February 20th, 2015 5 comments

Every year at Email Summit, we ask marketers for their predictions.

Before MarketingSherpa reporter Courtney Eckerle interviews you about your marketing predictions in the Email Summit Media Center, I figured it was only fair to put a stake in the ground and make some predictions you could hold me to as well.



Prediction #1: Convergence is the watchword for digital marketing this year

You’ve already seen (and will continue to see) convergence among marketing and business software platforms, and this trend will continue to grow as the line blurs between publishers, brands and marketing agencies.

Curve by Getty Images. Verizon’s experiment with Sugarstring. And, of course, The Red Bulletin. More and more brands are learning the power of building this kind of one-to-one connection with their audiences, building an owned audienc, and not having to borrow interest from television or other content creators.

At the same time, publishers are creating content for brands with their own agency arms, as well (a bit of a blast from the past when newspapers used to help create ads to sell media space).

Tribune Publishing (which owns the Chicago Tribune, Los Angeles Times and other dailies) bought a stake in Contend, a content agency that creates branded campaigns. Onion Labs, The Onion’s in-house ad agency, has made some seriously cool campaigns. Condé Nast, publisher of Vogue, Vanity Fair and GQ recently hired a director of branded content and launched a branded content shop which blurs the line between editorial and promotion.

Advertising and marketing agencies, more threatened than ever by brands and publishers, will try to get an ownership stake in the ideas they help create, like Anomaly did with EOS cosmetics or how 37signals went from being a website redesign shop to a software company selling Basecamp.

Data, will of course, be huge. This will be of benefit to content creators of all stripes listed above. Since they have the traffic and relationship with the audience, they have the ability to learn the audience’s preferences based on their behavior, and then engage in A/B testing with these audiences to build a strong understanding of the products, services and offers that these customers will most respond to.

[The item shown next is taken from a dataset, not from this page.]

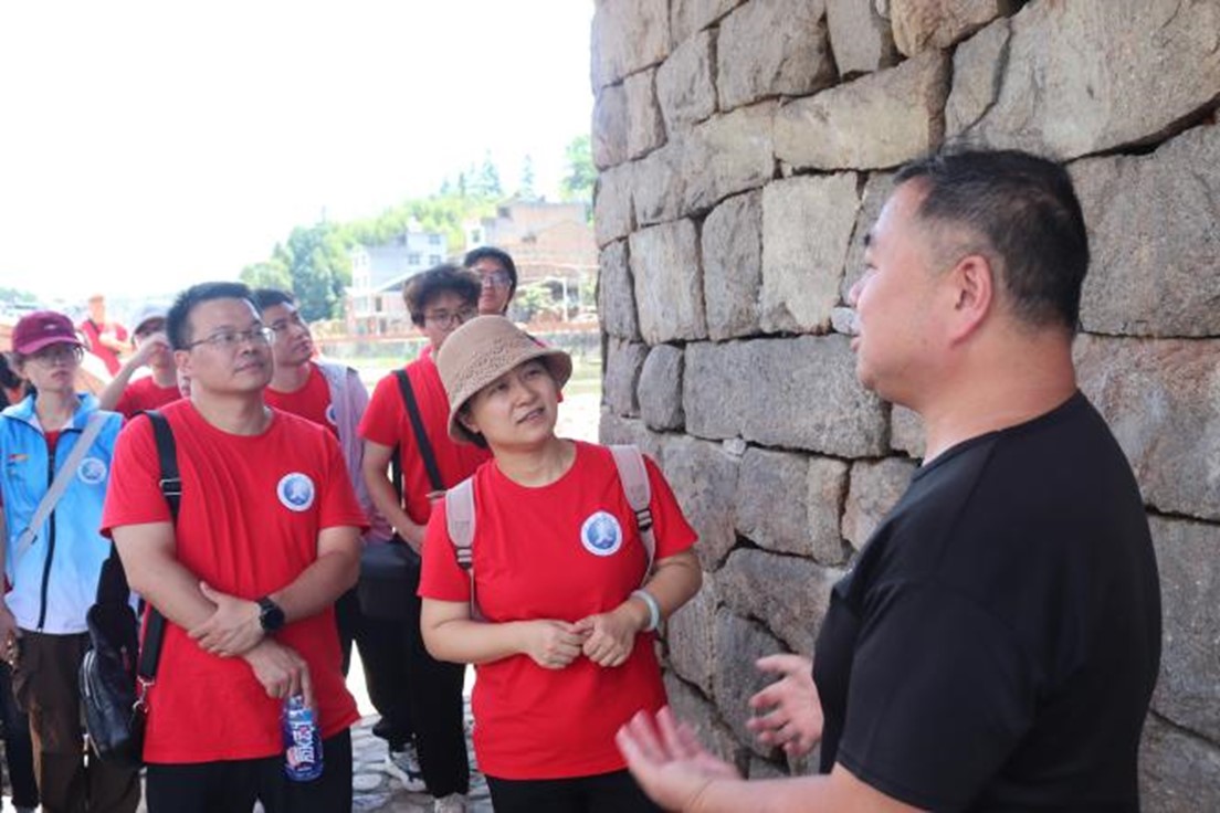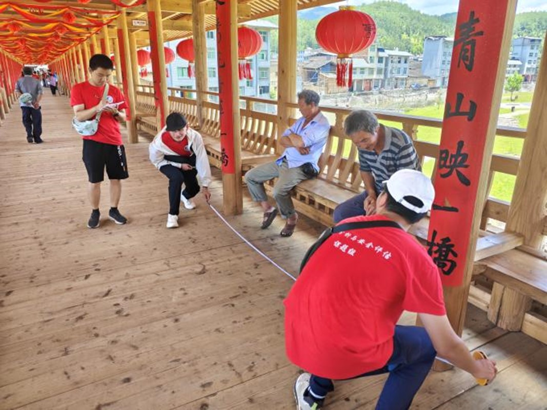 傳承人黃閩輝以其豐富的專業(yè)知識和生動的語言,將這座古老建筑的故事娓娓道來。萬安橋,又稱龍江公濟橋、彩虹橋,始建于北宋元祐五年(1090年),橋長98.2米,寬4.7米,是現(xiàn)存全國最長的木拱廊橋。萬安橋曾于2022年失火,后得以重建。歷史上,萬安橋經(jīng)過了三次焚毀,也經(jīng)過三次重修及多次維修。萬安橋采用中國木拱廊橋營造技術,工藝精湛。其獨特的木拱結構由三節(jié)苗與五節(jié)苗貫穿成一個曲形整體,輔以其他構件,以編、撐、頂、拉、別、靠、插、壓等力學原理為支撐,成功解決了大幅度拱跨受力難題。這種結構在世界橋梁史上具有重要地位,被譽為“我國古代橋梁歷史研究的‘活化石’”,早在2012年就入選了中國世界文化遺產(chǎn)預備名單。萬安橋不僅是當?shù)厝嗣窠煌ㄒ郎系闹匾O施,也是當?shù)厝嗣窬裎幕畹闹匾d體。橋上的楹聯(lián)、碑刻等文化遺存記錄了橋梁的建造歷程和捐資者的善舉,具有深厚的文化內(nèi)涵和歷史意義。團隊成員們聽得津津有味,不時發(fā)出陣陣贊嘆。他們紛紛表示,這次實地學習不僅讓他們對廊橋有了更加深入的了解,也讓他們對中華文化遺產(chǎn)有了更加深厚的感情,黃家一家三代曾數(shù)次參與修繕萬安橋,守護著萬安橋,作為青年師生,需要勇?lián)聲r代新的文化使命,加入文化遺產(chǎn)的保護者行列,弘揚民族文化、賡續(xù)精神血脈。

But behind it all, let’s not overlook the people with the knowhow to make it happen, which can be a scarce resource — brilliant, brilliant marketers, writers, designers and data scientists.

Being able to navigate this land of data and convergence, networking and real relationships will be critical for the marketer to build cross-functional teams that understand all the elements it will take to be successful — content, technology, data and strategy. That’s one reason we pay so much attention to the audience experience and foster interactions and networking at Email Summit.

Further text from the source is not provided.